A group of German lawmakers has been blocked from visiting troops stationed at Turkey’s İncirlik air base, officials said on Monday, a move that could reignite a row between the NATO allies over Berlin’s access to the base.

The lawmakers were denied a visit to the base as it was not deemed appropriate at this time, sources in Turkey’s foreign ministry told Reuters, without elaborating.
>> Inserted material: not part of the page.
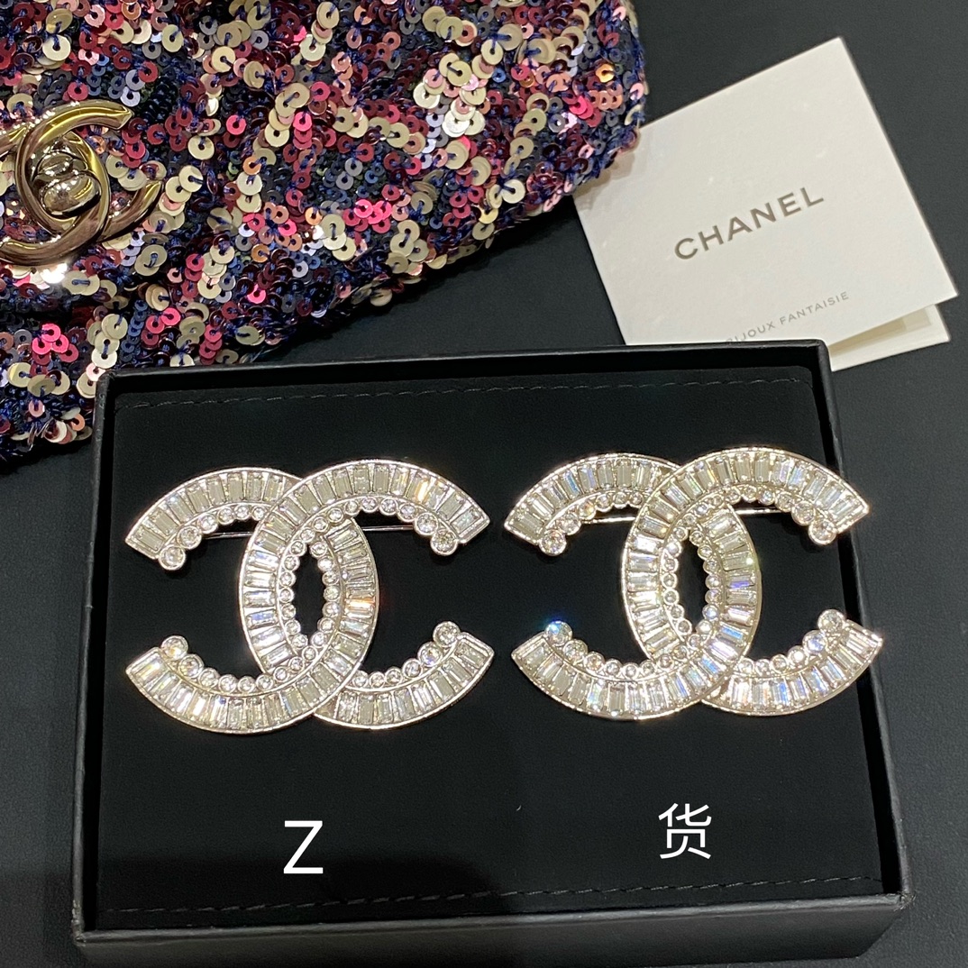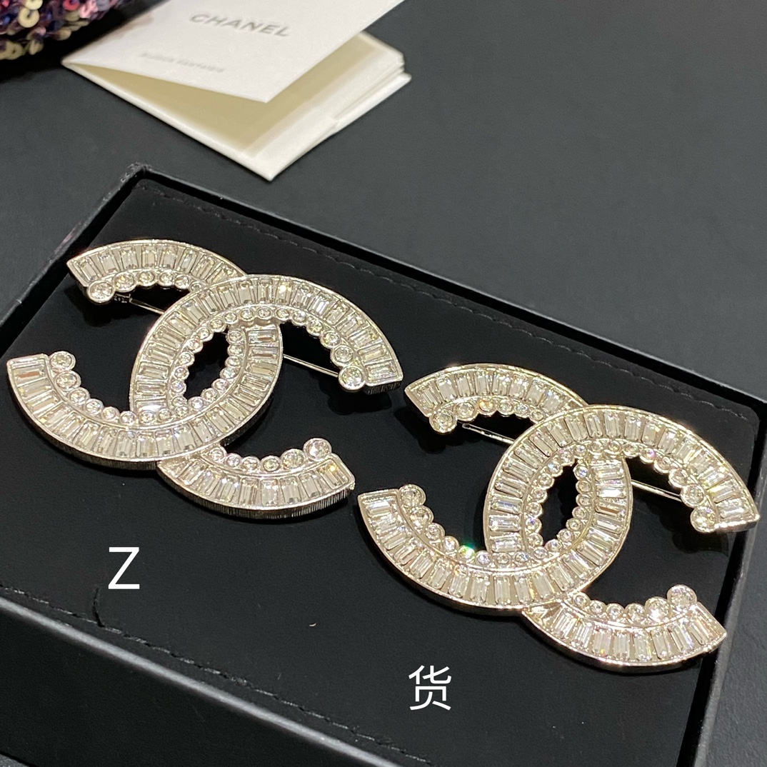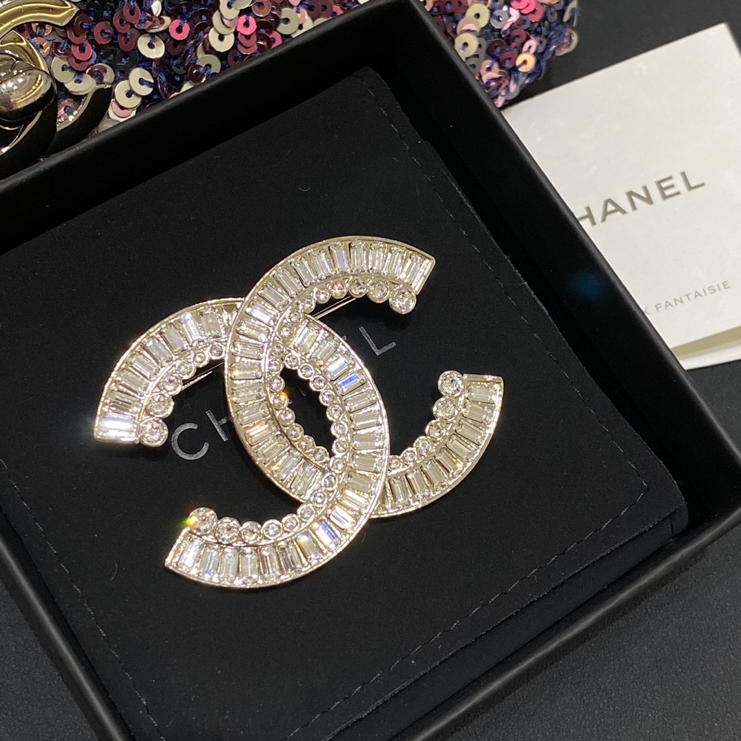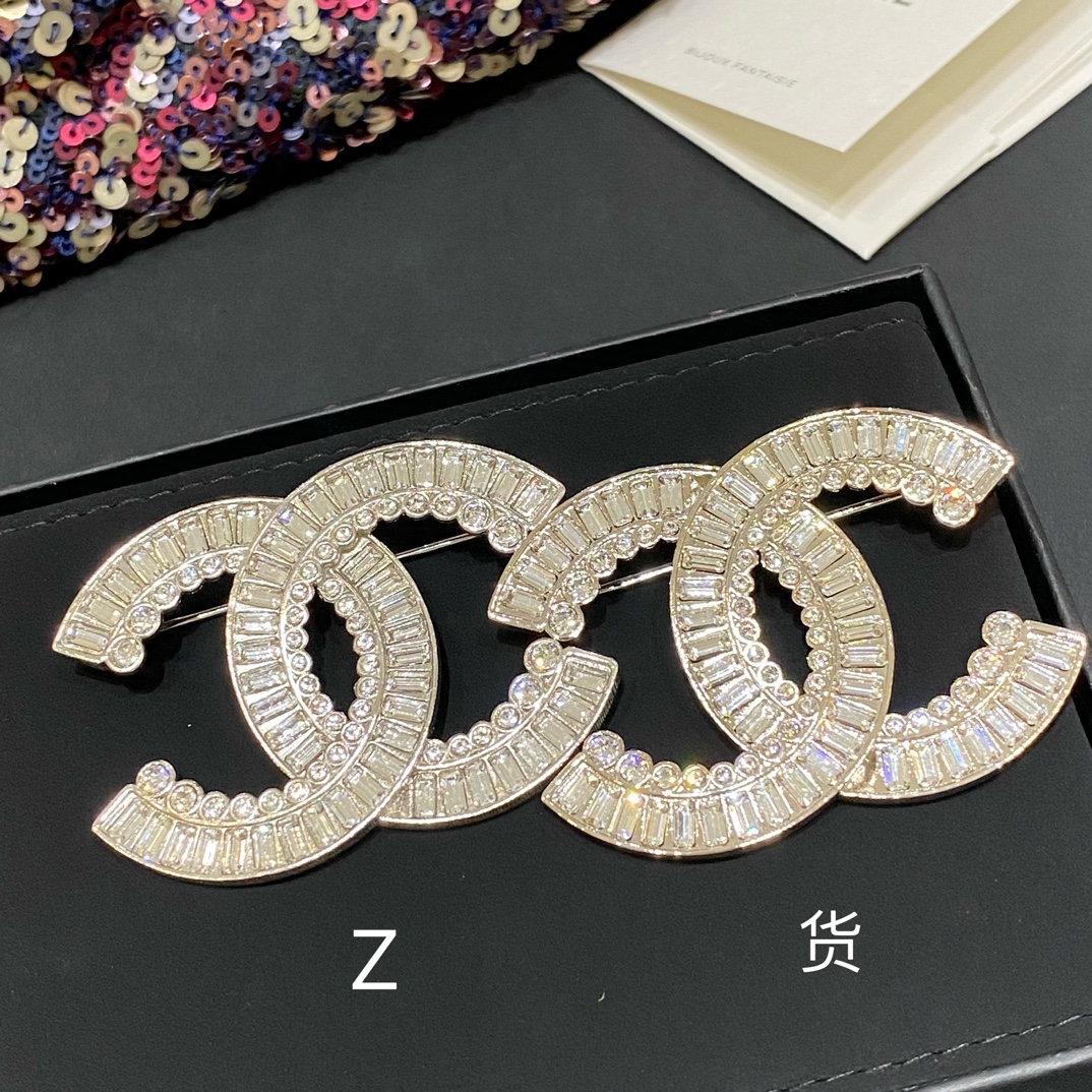 Cha*l 小香 23S长方钻圆钻银色胸针
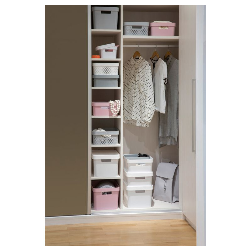 Úložný plastový box s víkem z řady INFINITY DOTS o objemu 17L. Řada INFINITY DOTS vyniká svým moderním,nápaditýmdesignem v podobě děrování-inspirovaný skandinávským stylem. Infinity box je nejen praktický, ale hlavně moderní doplněk interiéru. Osvědčí se jak v koupelně, šatně, tak i v kuchyni. Kvalitní a odolný plast - kvalita značky Curver. K dostání ve čtyřech barevných provedeních- šedá, bílá, růžová, modrá.

Some 250 German troops are stationed at İncirlik as part of the fight against Islamic State of Iraq and the Levant (ISIL) in neighboring Syria, according to the German armed forces.

A spokesman for the German foreign minister said it was “completely unacceptable” for Turkey to keep German lawmakers from visiting their own soldiers.

“A visit by lawmakers must be made possible,” Martin Schaefer said, adding that Foreign Minister Sigmar Gabriel would raise the issue with colleagues from other NATO governments in Washington on Tuesday.

German government spokesman Stefan Seibert said Berlin would consider alternative places to station the soldiers.

Relations between the NATO allies were strained in the run-up to Turkey’s April 16 referendum, when Germany banned Turkish politicians from addressing rallies of expatriate Turks, citing public safety concerns.

President Recep Tayyip Erdoğan accused Berlin of “Nazi-like” tactics. A narrow majority of Turks backed the referendum to change the constitution and grant Erdogan sweeping executive powers. Germany and other Western allies have voiced concern about what they fear is growing authoritarianism in Turkey.

Last year Turkey banned German lawmakers from visiting the base for months in response to a resolution in the General parliament declaring the 1915 massacre of Armenians by Ottoman forces a genocide, a term Ankara rejects.